Provided data:
-- Opening Marker --

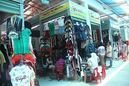 Qua gian bán quần áo của anh Phong, rất nhiều khách hàng đang lựa quần áo. Anh Phong đứng ngoài mời chào khách, hôm nay gian hàng của anh khai trương cũng giảm giá đến 20%.
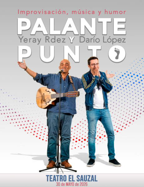 Sinopsis: Un espectáculo que une música, improvisación y humor en un mismo escenario. Darío López y Yeray Rodríguez se encuentran para dar forma a una propuesta única: La mirada cómica y cercana de Darío. El arte de la improvisación en décimas de Yeray. Una banda en directo que actualiza lo tradicional con un sonido fresco y contemporáneo.
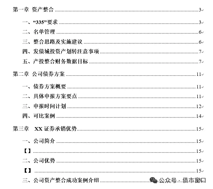2、债市窗口结合产业转型实操和产投资产整合过程中的各类事项,编制了《产投资产整合及债券融资建议书》模板。
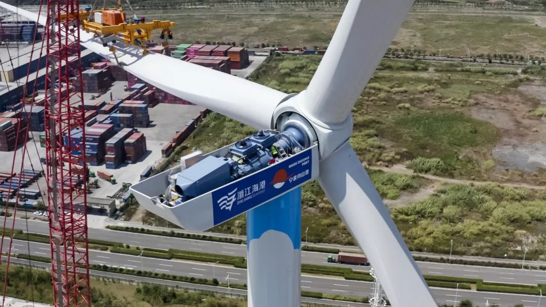 8月25日,随着梅山港区5号风机安装完毕,浙江省首个低碳码头示范工程——宁波舟山港梅山风光储一体化项目顺利投运,意味着浙江省首个“绿电码头”已建成。

-- Closing Marker --

Work request: When you copy the data, keep every line exact and drop the pictures.

The answer:
 Qua gian bán quần áo của anh Phong, rất nhiều khách hàng đang lựa quần áo. Anh Phong đứng ngoài mời chào khách, hôm nay gian hàng của anh khai trương cũng giảm giá đến 20%.
 Sinopsis: Un espectáculo que une música, improvisación y humor en un mismo escenario. Darío López y Yeray Rodríguez se encuentran para dar forma a una propuesta única: La mirada cómica y cercana de Darío. El arte de la improvisación en décimas de Yeray. Una banda en directo que actualiza lo tradicional con un sonido fresco y contemporáneo.
2、债市窗口结合产业转型实操和产投资产整合过程中的各类事项,编制了《产投资产整合及债券融资建议书》模板。
 8月25日,随着梅山港区5号风机安装完毕,浙江省首个低碳码头示范工程——宁波舟山港梅山风光储一体化项目顺利投运,意味着浙江省首个“绿电码头”已建成。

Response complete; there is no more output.